Sie haben in diversen Genres gearbeitet, Bilderbücher für Erwachsene kreiert, gedichtet, Tagebücher für die Seele entworfen. Ihre bildnerischen Arbeiten reichen von skulptural bis zur Malerei und Collagengestaltung mit abstrakten Methoden. Welche zentrale Botschaft verbindet sie alle?
Die Botschaft lautet: „Dort wo du dich selbst als ein einzigartiges Wesen annimmst, deine Kraft für dein Wesentliches statt gegen etwas z.B. Ungerechtes einsetzt, bist du am richtigen Platz! Dort wirst du dem Leben gerecht, dort wirst du dein Glück finden. Schau hin, auch wenn und auch weil es sicher weh tun wird.“ In meinem Buch „wasch mich, aber mach mich nicht nass“ findet man spannende Anregungen dazu. „Schmerz ist dein Meister“ – in dem Kapitel siehst du viele Arten von Schmerz – der lösende, der befreiende, der erlösende Schmerz ist unser Wegweiser. Die anderen können wir uns alle sparen. Schau hin, diese Botschaft ist in allen meinen Werken zu finden. Schau mit beiden Augen hin, schau auf diese reale Welt, die so schräg, andersartig, divers, fremd, auf den Kopf gestellt oder auch nur ganz gewöhnlich schön ist, oder hässlich. Schau hin auf die Vielfalt von Möglichkeiten, sich der Welt von mehr als nur einer Seite zu zeigen. Was leben wir denn als Gesellschaft den Kindern vor? Wie viel Schönheit und Harmonie brauchen wir?
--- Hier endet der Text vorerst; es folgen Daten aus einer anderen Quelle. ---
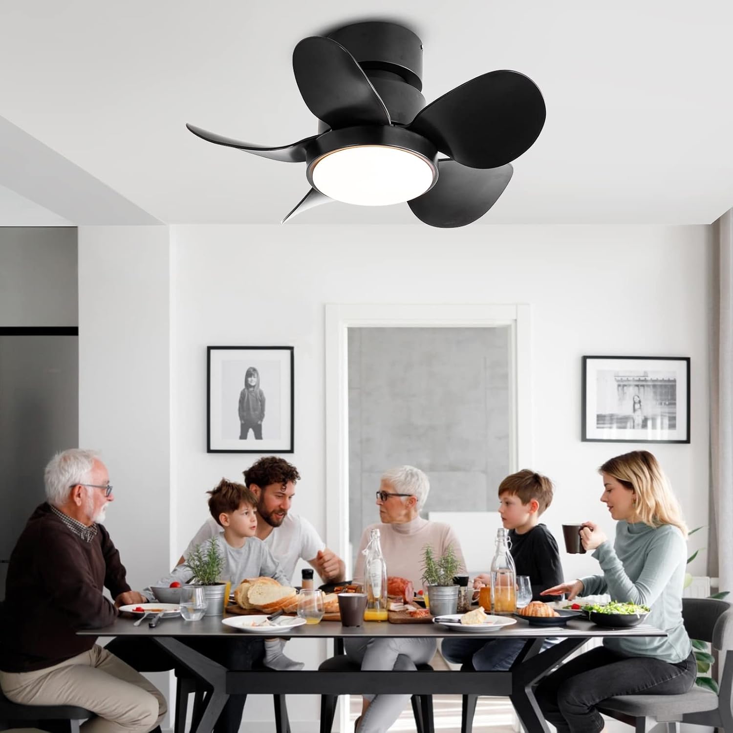 Small Ceiling Fan with Light: low profile ceiling fan with 5 ABS fan blades are like blooming flowers, size: 22*22*9.7 inches. The low profile and compact design of the ceiling fan can be perfectly used in tight spaces while also moving a lot of air with an airflow of 3419CFM. The matte black ceiling fan with light is perfect for decorating bedrooms, dining rooms, living rooms, kitchens, hallways, gyms, etc.
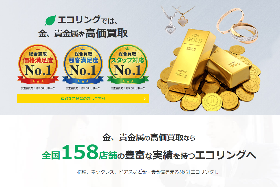 ⇒ 金・貴金属の売却を検討なら査定無料・高価買取の【エコリング】
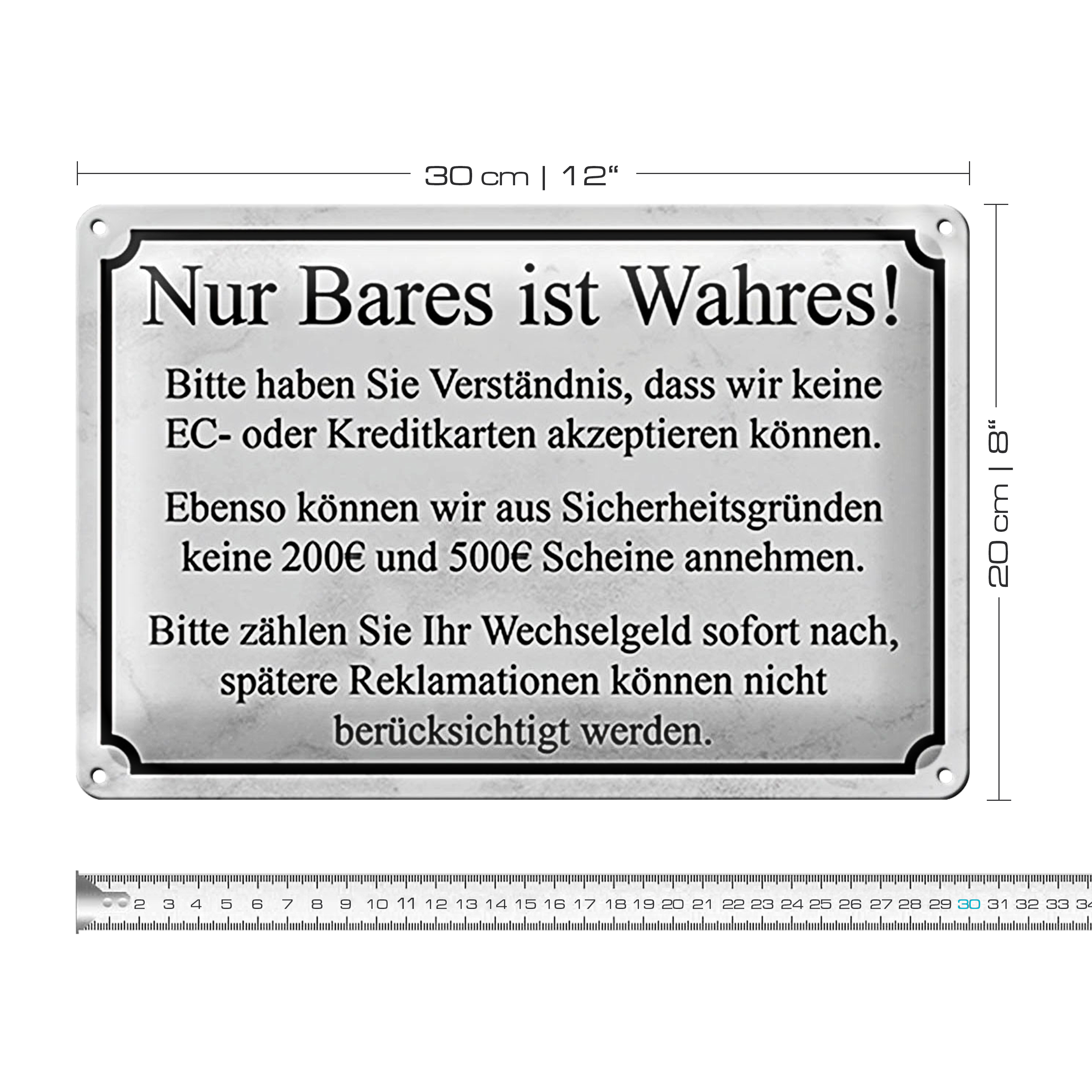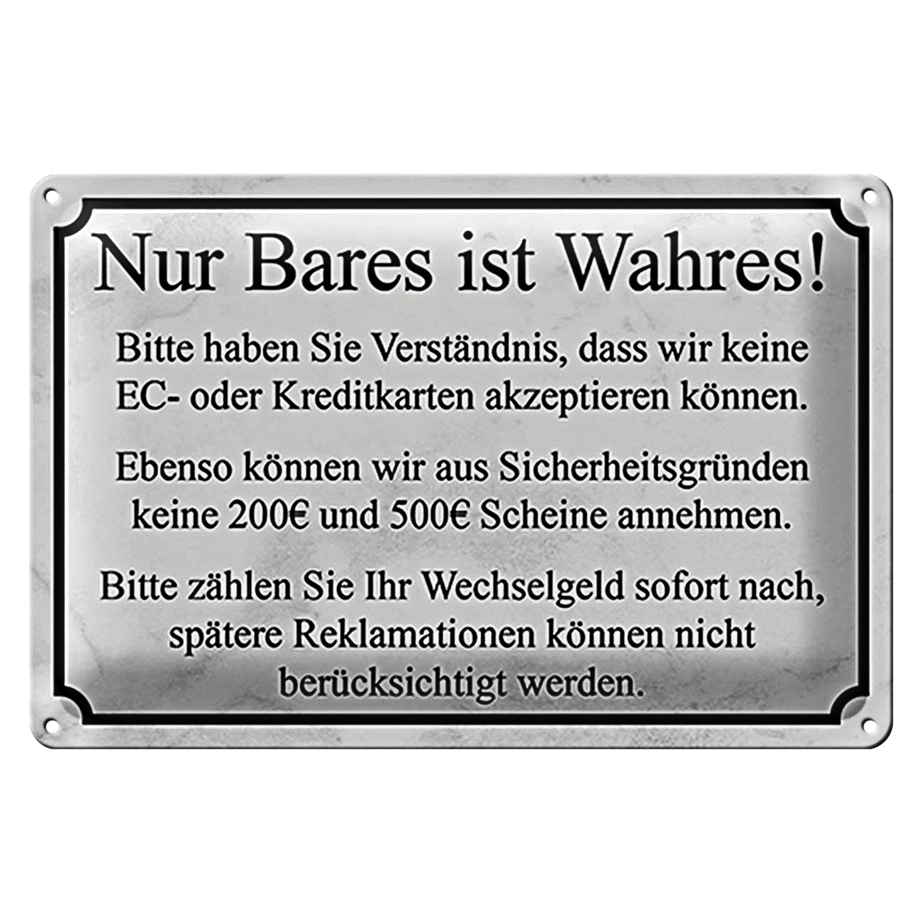 Blechschild kein Kreditkarten 30x20cm Nur Bares ist Wahres
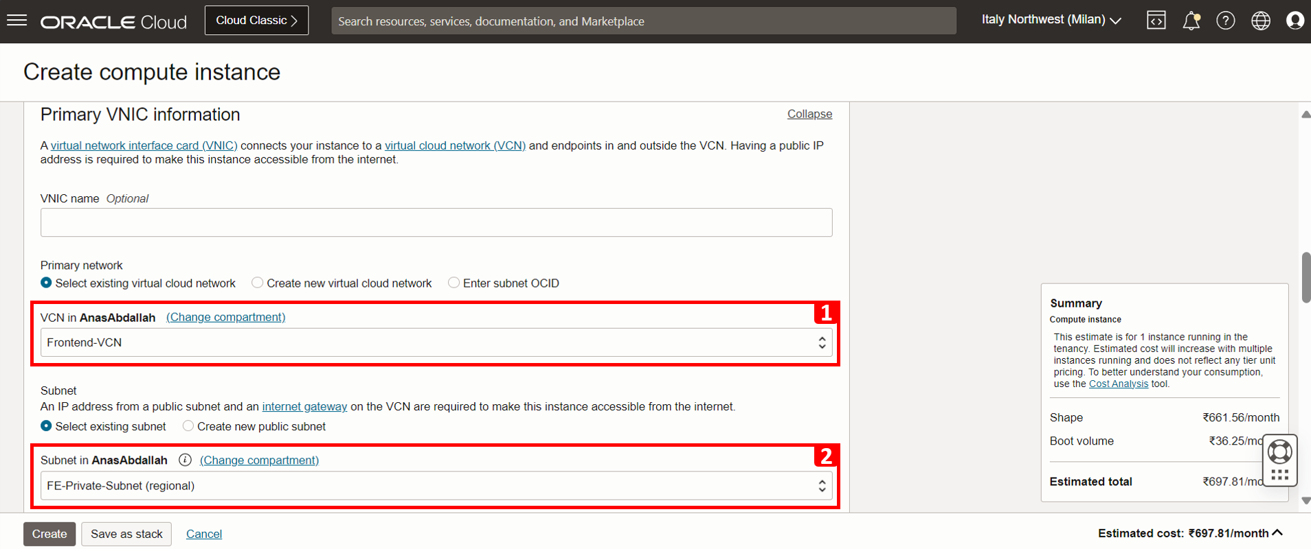 - 네트워킹 구성: VCN(Frontend-VCN) 및 해당 서브넷을 선택합니다.
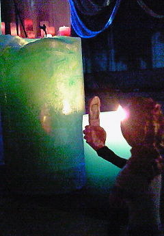 ジュスカの人形、銀色メタリックな布を敷いてみたら、あまりにギラギラで。

Wie viel Wert haben Frauen und Männer jenseits der 50 in unserer Gesellschaft? Wann lernen wir endlich, dass Krisen unsere Chance zur Veränderung sind. Motivation pur. Keine Wandlung ohne Veränderung. Ich bin froh, denn es hat sich gezeigt: Meine Familie ist krisensicher, der Clan kümmert sich gemeinsam um die Brut! Die Drillinge sagen: „Omi, uns ist Corona egal. Wir haben trotzdem eine gute Zeit, wir sind jung und wir leben in einer schönen Welt!“

Drei Wünsche an die gute Fee?
Mit 58 Jahren bin ich gerade wieder am Start, meine (nächsten) Karriere­schritte zu beginnen.
Ich würde gerne Kolumnen für Frauenmagazine oder politische Zeitschriften schreiben und illustrieren, meine Bücher, die in unterschiedlichsten Stadien fertig sind, bei einem guten Verlag unterbringen. Ich würde gerne mehr noch von meiner Kunst ausstellen und Installa­tionen – auch Outdoorprojekte – für Jetzt-Themen verwirklichen. In den Jahren meiner inneren Seelenschau und Selbstverwirklichung hatte ich Zeit, um neue Projekte vorzubereiten – die wollen nach und nach geboren und verwirklicht werden!